Altri privilegi e favori furono poi concessi dagli
imprenditori sino a Federico II; per
i quali il monastero acquistò pure un'importanza politica, avendo giurisdizioni
feudali sui paesi di Vigasio, Trevenzuolo,
CelIore di Illasi, Pastrengo, Castelnuovo dell'Abate (Affi e dintorni) Chievo,
Romagnano, ecc.
La chiesa, eretta dal vescovo Ratoldo e dal re Pipino
sotto la direzione dell'architetto Pacifico,
si trovava certamente là, dov'è l'attuale basilica; ma essa ebbe molto a
soffrire nel secolo X per le invasioni degli Ungheri, quando fu trasportato in città il corpo di S. Zeno; talchè l'imperatore Ottone I nel 967 consegnò una somma al vescovo Raterio per la sua restaurazione. Nulla di essa ci rimane,
se non forse qualche elemento nella cripta della Basilica: questa non ebbe
principio se non nel secolo XI (14).
Quanto agli abati del monastero, non abbiamo nome alcuno
degno di speciale menzione. Nella storia della basilica rimase celebre Alberico, che verso la metà del secolo
XI pose la base del campanile, e nel chiostro fabbricò un grande sepolcro per i
monaci tuttora esistente (a).
Inoltre abbiamo memorie di almeno due monasteri femminili
entro il recinto della città. Il monastero di S. Maria «in solaro », fondato nel 744 dalle due sorelle Auteonda e Natalia, fino ad allora era in qualche modo soggetto all'abate del
monastero di S. Maria «in organo» ed
insieme con questo alla giurisdizione del
patriarca di Aquileia (15).
Da un atto del 4 giugno 854, l'abbadessa Eufrasia era stata consacrata dal troppo celebre
patriarca Massenzio e da lui aveva
ricevuto l'autorità sopra le altre vergini «per baculum et fune campanae ecclesiae ipsius monasterii ». Con
quell'atto, alla presenza di Rodemario abate
di S. Maria in organo e parecchi
monachi e di Teodomaro legato del
patriarca, Eufrasia insieme con le
sue monache professava di essere sempre stata e di voler essere in avvenire soggetta all'abate di S. Maria in organo ed al patriarca di Aquileia (16). Il Biancolini dietro l'autorità del Canobio dice che Eufrasia
fu confermata nell'ufficio di abbadessa da Ludocivo
II nell'anno 845.
Secondo il Canobio,
fin dall'anno 780 esisteva un altro monastero di vergini presso la chiesa detta
allora di S. Pietro « ad puellas» o « puellarum », più tardi « in
monastero ». Da un documento del
maggio 968 apparisce che esso era soggetto al vescovo; talchè Raterio per parte dello stesso
monastero fece una commutazione di diritti con Leudiberto abate di S. Zeno
(17). Da memorie posteriori il
vescovo Milone sembra aver assegnato
quel monastero all'abbazia di S. Zeno
e che in seguito sia stato abitato da monaci benedettini.

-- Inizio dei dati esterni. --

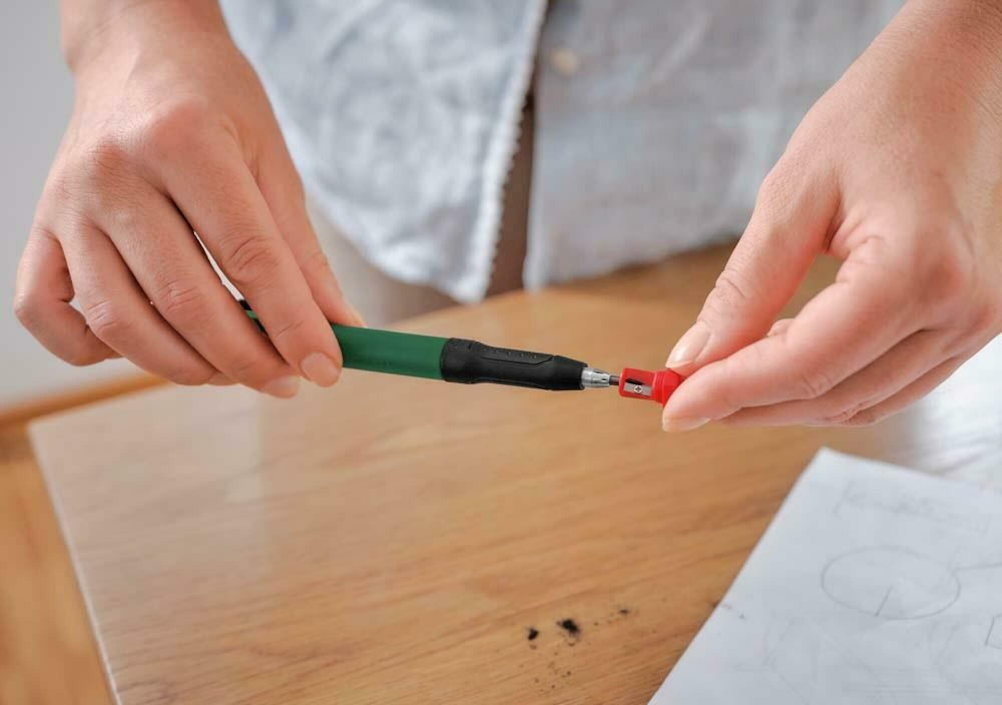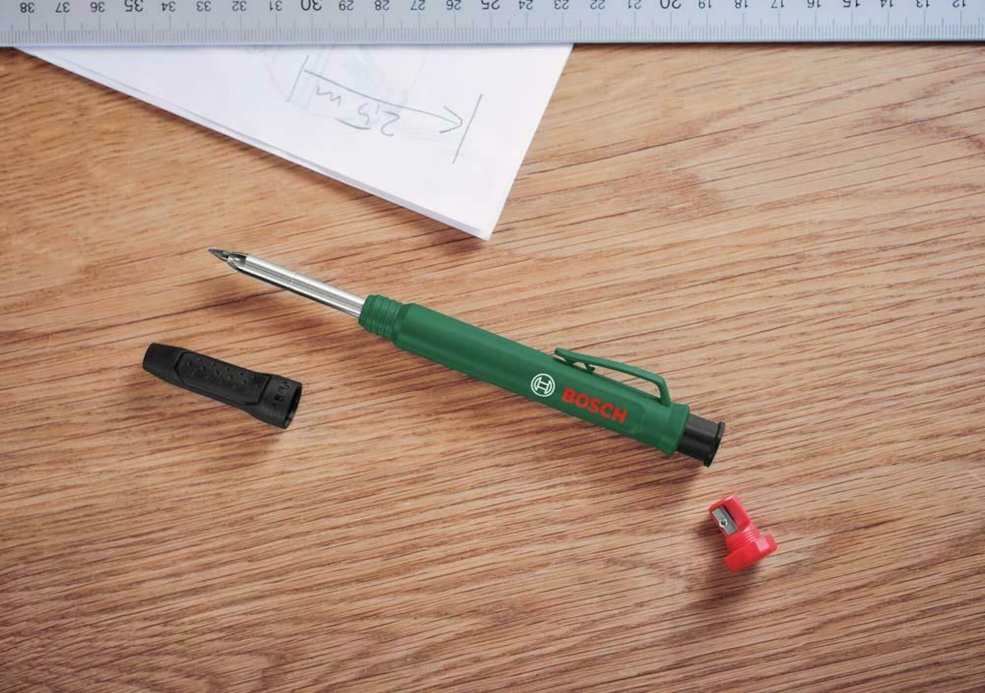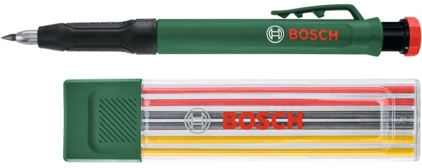 Ентузіасти домашнього ремонту оцінять високу якість, гнучкість і ефективність олівця для глибоких отворів від Bosch. Має знімний ковпачок, тому, знявши його, можна не тільки легко наносити розмітку на плоскі поверхні, але й легко проникати в глибокі отвори для гнучкого маркування. Завдяки високоякісному графітовому стрижню олівець можна використовувати для маркування на різноманітних матеріалах, включаючи камінь, бетон, цеглу, дерево та папір. Завдяки вбудованій точилці олівець завжди гострий і готовий до використання.
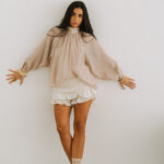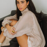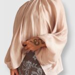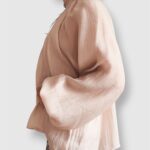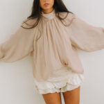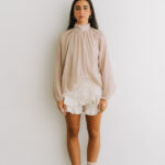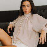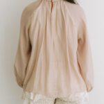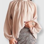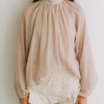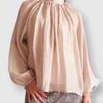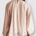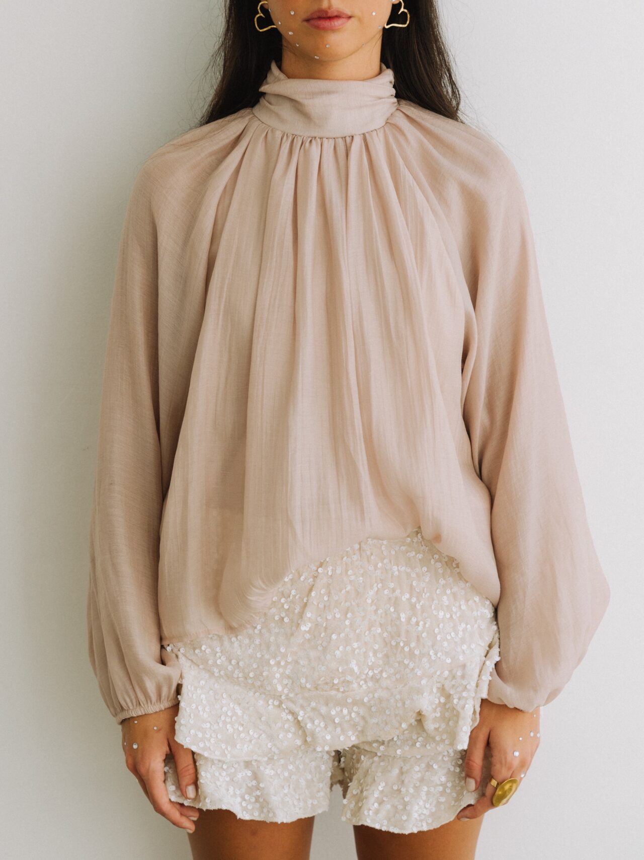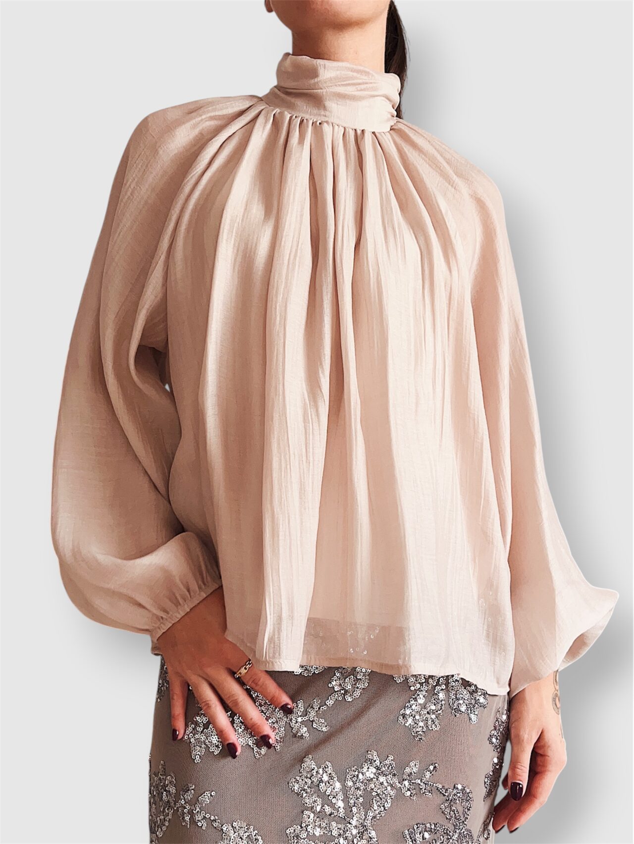 Feminine blouse with long sleeves, a high collar, and an elegant drape. Made from lyocell with a viscose lining, it offers comfort and style. Ideal for a chic everyday look.

Esistevano pure alcuni monasteri nel comitato veronese. Il
più antico tra essi è quello di S. Mario
« de Gadio » (Gazzo); al quale come apparisce da un atto di Ludovico II,
avevan donato possessioni e diritti i re longobardi Liutprando e Ilprando;
perciò esisteva già nella prima metà del secolo VIII: tali possessioni e
diritti gli confermò poi Ludovico II
(18). Allo stesso monastero Berengario donava quanto era di diritto
regio nel castello di Gazo (1 agosto
909); inoltre il teloneo e ripatico « in
ruviscello », ed altri privilegi (19):
allora ne era abate Rodiberto. Altri
privilegi concesse pure il re Ugo
con diploma 12 febbraio 928; dal quale apparisce che allora il monastero di Gazo era unito a quello di S. Maria in organo, e ne era abate un
certo Pietro (20). Da una carta pubblicata da Ughelli si ricava che anche il nostro Audone, arcidiacono e forse vescovo, donò a questo monastero alcuni
suo fondi nella valle Pantena.
Benché di rado occorra in atti diplomatici antichi, tuttavia
nel secolo IX, e forse prima, esisteva un monastero nella località detta « Flexium » e talvolta « Campanea »; ed insieme con esso una
chiesa dedicata a S. Michele (21). Pare che dapprincipio fosse
abitato da monache professanti la regola
di S. Scolastica, e che lì presso fossero pure alcuni monaci come conversi;
una specie di monastero doppio.
Del monastero femminile così dice una nota manoscritta del sac.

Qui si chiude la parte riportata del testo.